Author: Brent Tarter
Publisher: University of Virginia Press
Published: 2015-04-29
Total Pages: 183
ISBN-13: 0813937108
DOWNLOAD EBOOKThe decision of the eventual Confederate states to secede from the Union set in motion perhaps the most dramatic chapter in American history, and one that has typically been told on a grand scale. In Daydreams and Nightmares, however, historian Brent Tarter shares the story of one Virginia family who found themselves in the middle of the secession debate and saw their world torn apart as the states chose sides and went to war. George Berlin was elected to serve as a delegate to the Virginia Convention of 1861 as an opponent of secession, but he ultimately changed his vote. Later, when defending his decision in a speech in his hometown of Buckhannon, Upshur County, he had to flee for his safety as Union soldiers arrived. Berlin and his wife, Susan Holt Berlin, were separated for extended periods--both during the convention and, later, during the early years of the Civil War.
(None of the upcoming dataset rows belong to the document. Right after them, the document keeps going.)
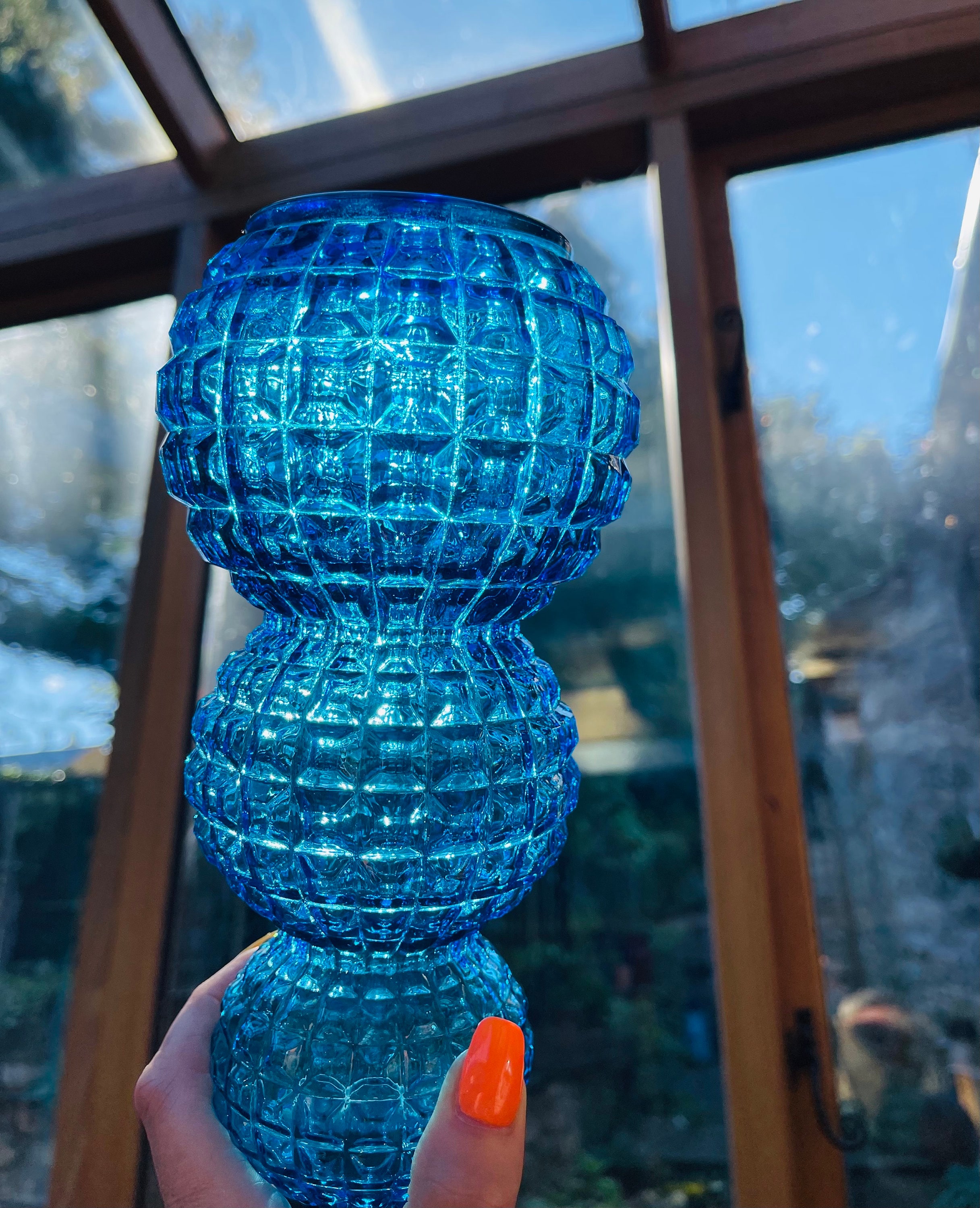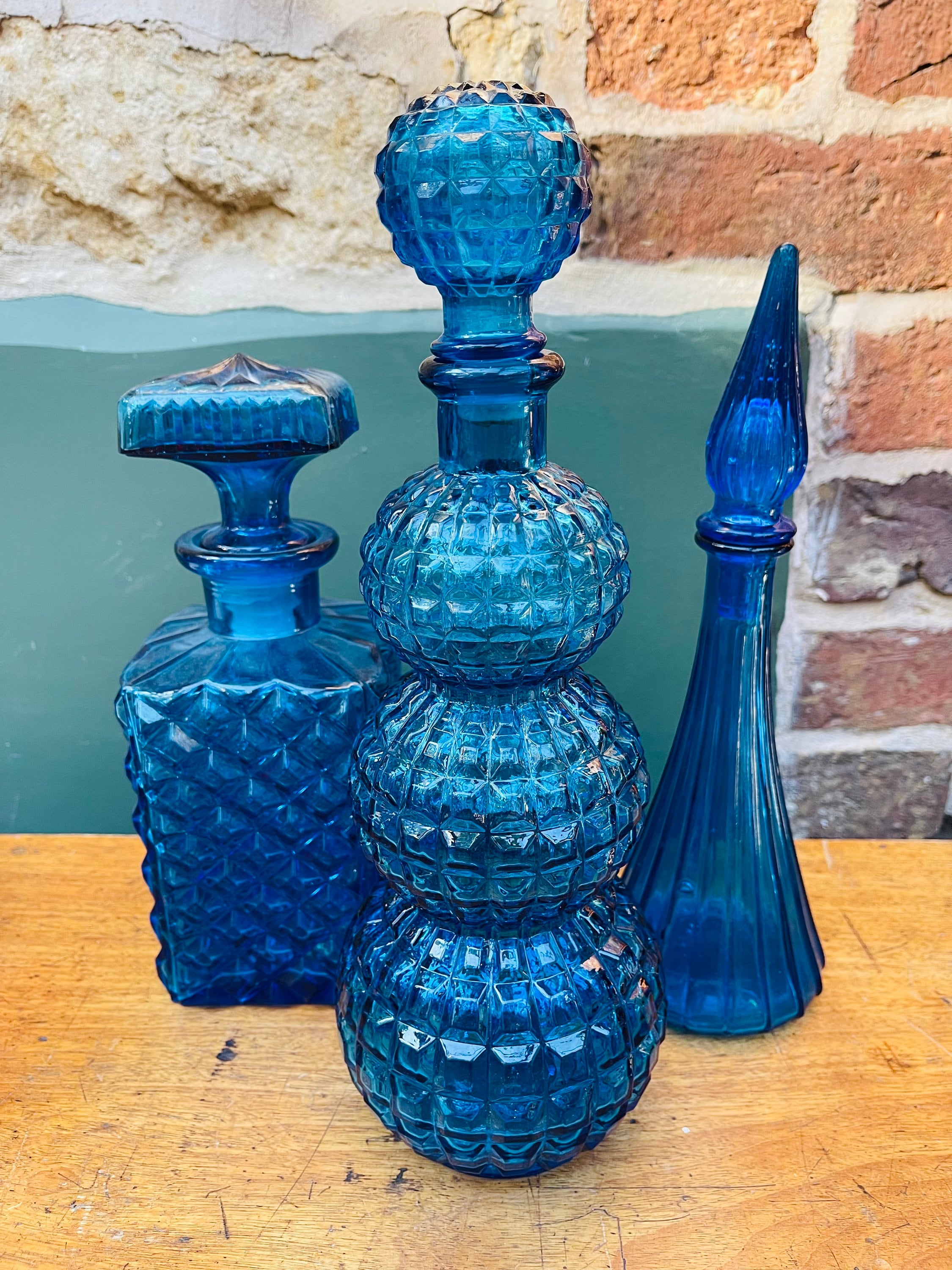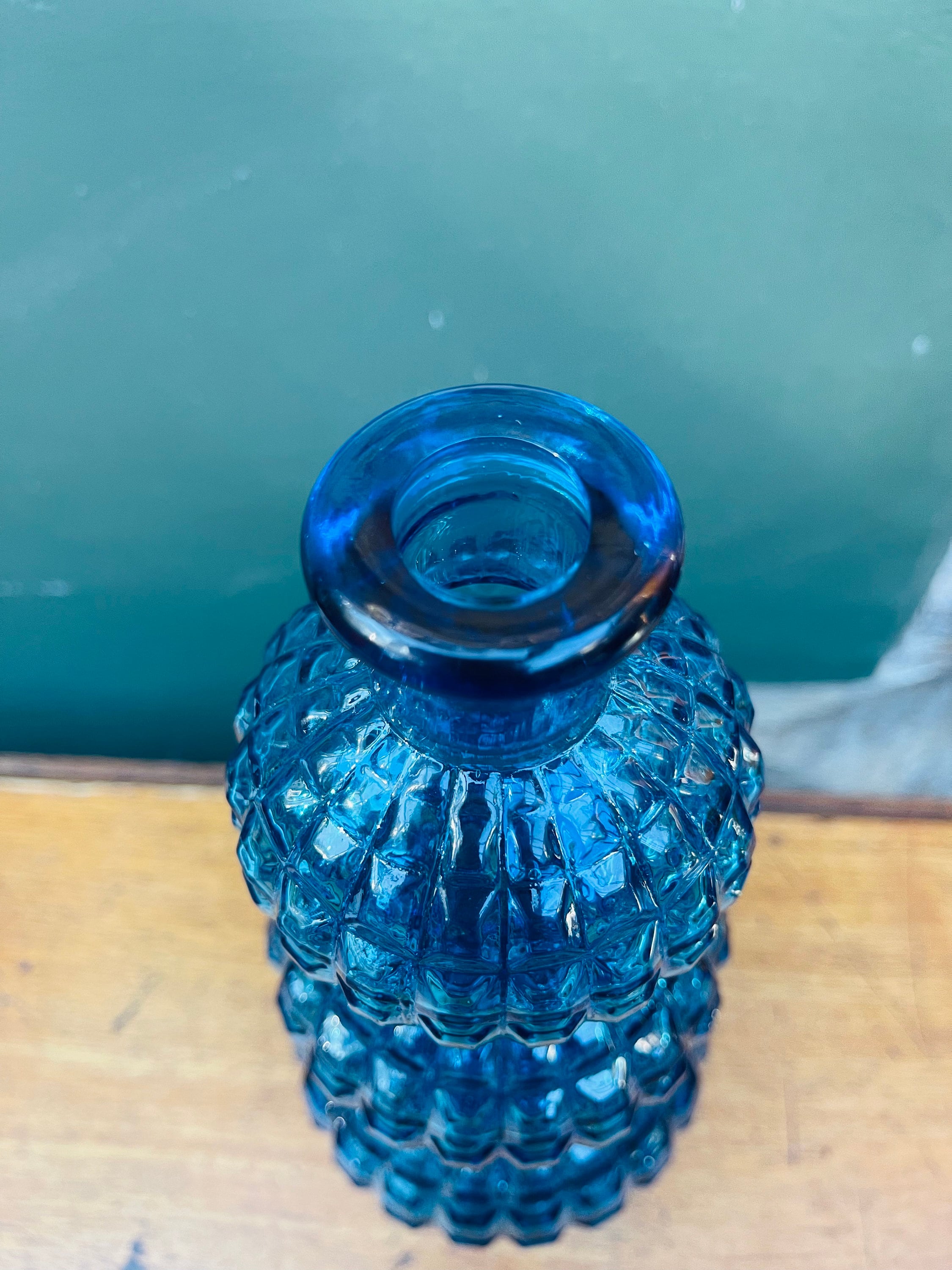 Stunning vintage blue Italian genie bottle decanter in the highly collectable triple gourd shape with diamond point pattern.
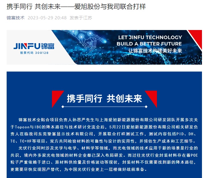 就此,可以确认,锦富技术正在联合多家光伏上市公司开发替代EVA和POE的新组件封装材料!
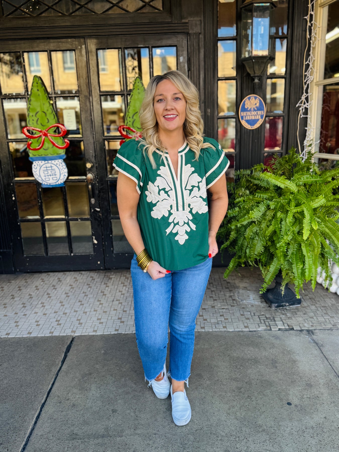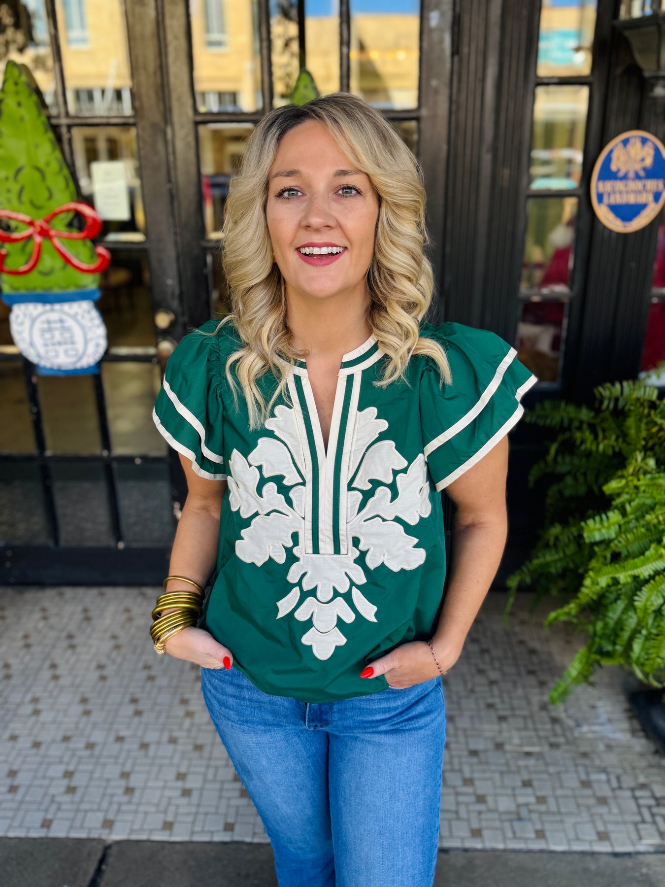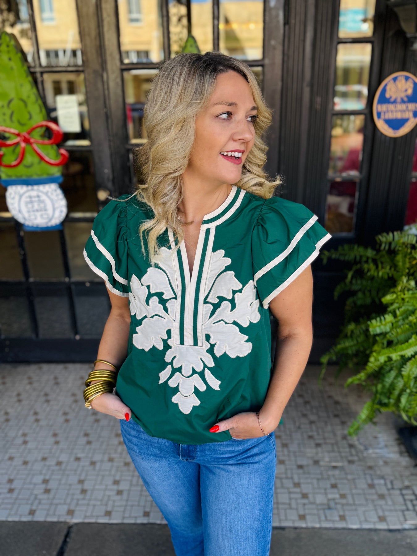 The Pine Breeze Blouse combines timeless elegance with contemporary flair. This sophisticated piece features a rich pine green base complemented by delicate flutter cream sleeves that add graceful movement. A striking cream paisley pattern adorns the center, creating a refined focal point that elevates any ensemble. Perfect for layering or wearing solo, this blouse transitions seamlessly from professional settings to casual occasions with understated style.
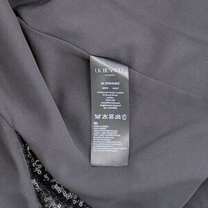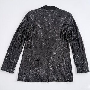 Beautiful and festive! This LK Bennett London black sequin shimmer jacket features a lovely satin collar and trim, offering a charming 1970s smoking jacket vibe. Beautifully tailored with a nice lining, making for a very comfortable fit. It shows no signs of wear and is just waiting to add a touch of sparkle and style to your wardrobe.
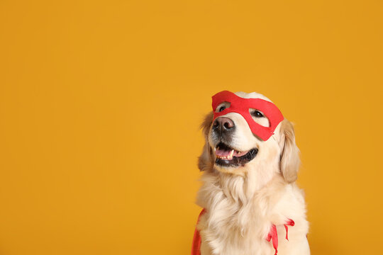 Adorable dog in red superhero cape and mask on yellow background, space for text
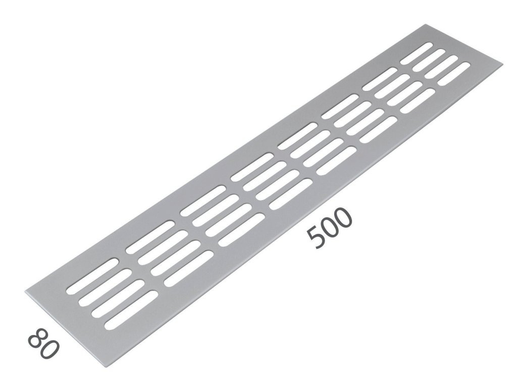 Vetracia mriežka so šírkou 80 mm je vyrobená z hliníka a je povrchovo upravená.VYUŽITIE: na odvetranie vstavaných elektrických spotrebičov v kuchynských linkách, na kryty radiátorov, na vzduchotechniku, do sadrokartónových priečok, do dverí, atď.
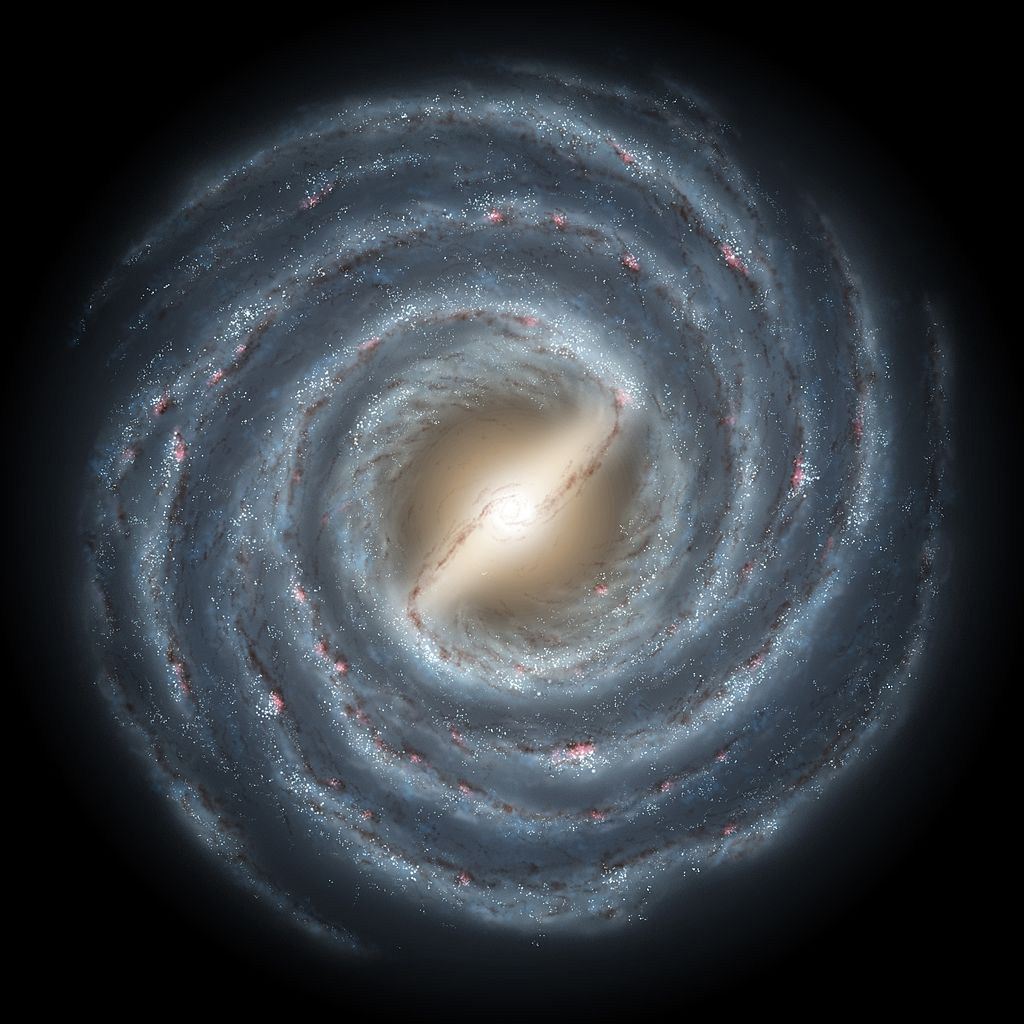 银河系呈扁球体,具有巨大的盘面结构,由明亮密集的核心、两条主要的旋臂和两条未形成的旋臂组成,旋臂相距4500光年。太阳位于银河一个支臂猎户臂上,至银河中心的距离大约是2.6万光年。
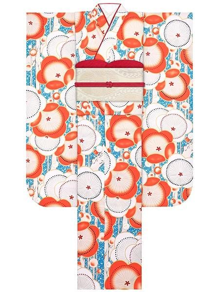 振袖レンタルセット あられ梅(空色)/帯 おしどり(白銀)
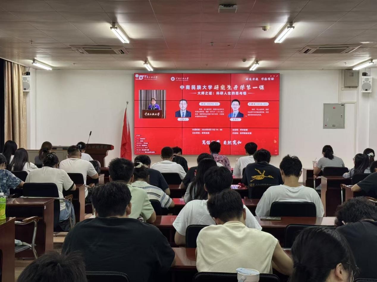 2025年9月17日19:00,中南民族大學(xué)資源與環(huán)境學(xué)院組織全體研究生在13棟261報(bào)告廳以“線上+線下”結(jié)合的形式,統(tǒng)一觀看2025年中南民族大學(xué)研究生開學(xué)第一課——“大師之道:科研人生的思與悟”。全體研究生全程參與了此次專題課程的學(xué)習(xí)。
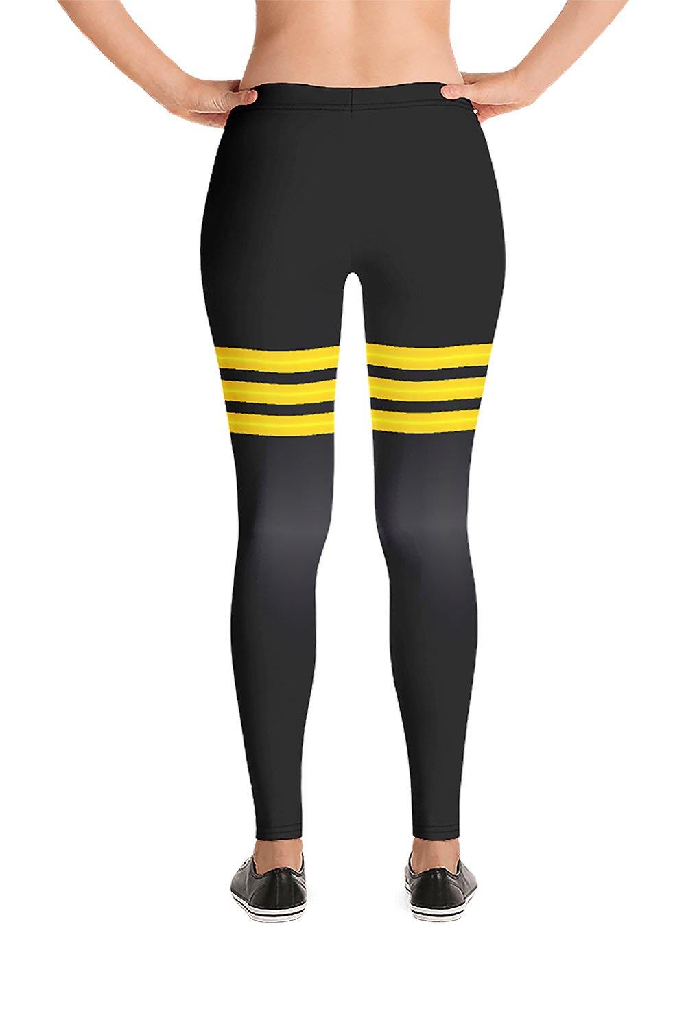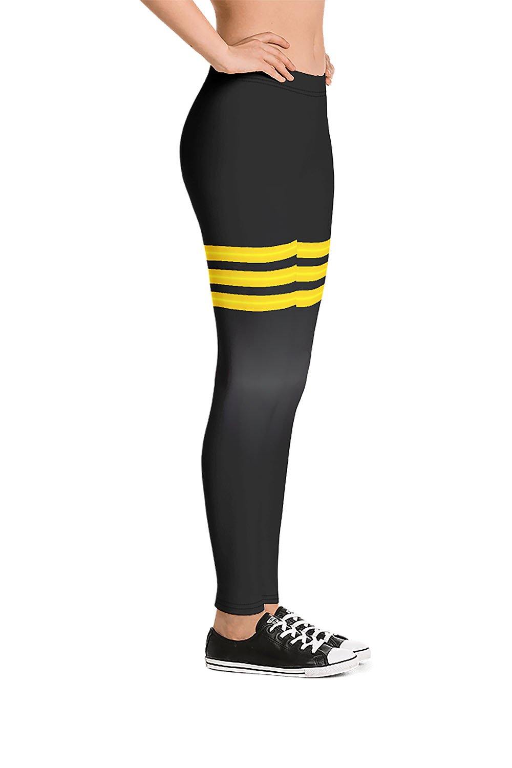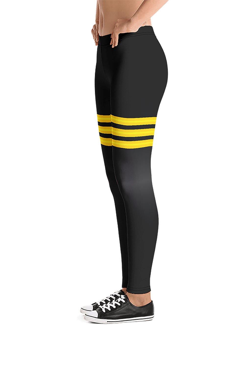Triple Yellow Stripes Black Leggings - For this artwork, we chose black as the main color of the leggings which is a gradient design that transitions from rich black to dark grey then to the same rich black tone. Then horizontally across the thighs, we created 3 stripes, each stripe has a gradient design that transitions vertically from golden yellow to a bright yellow shade then to the same golden yellow tone. The idea behind this artwork is combining the night represented in black with the day represented in the sun-like colors of the stripes, giving you this vibrant and yet soothing and relaxing feeling. These chic leggings will certainly make you stand out in the crowd.

The letters they exchanged tell a harrowing story of uncertainty and bring to life for the modern reader an extended family that encompassed both Confederate and Union sympathizers. This is in part a love story. It is also a story about ordinary people caught up in extraordinary events. Although unique in its vividly evoked details, the Berlins’ story is representative of the drama endured by millions of Americans. Composed during the nightmare of civil war, the Berlins’ remarkably articulate letters express the dreams of reunion and a secure future felt throughout the entire, severed nation. In this intimate, evocative, and often heartbreaking family story, we see up close the personal costs of our larger national history. A Nation Divided: Studies in the Civil War
Author: Scott Snyder
Publisher: Image Comics
Published: 2021-07-21
Total Pages: 32
ISBN-13:
DOWNLOAD EBOOK"POSSIBILITY," Part Two The explorers push deeper into the third ZoneÑPOSSIBILITY, a region built on and powered by the strength of American creativity. For cultural expert Ace Kenyatta, this is his finest hour. His knowledge will be key to the team surviving a place where truly anything is possibleÑfrom the terrifying to the sublime.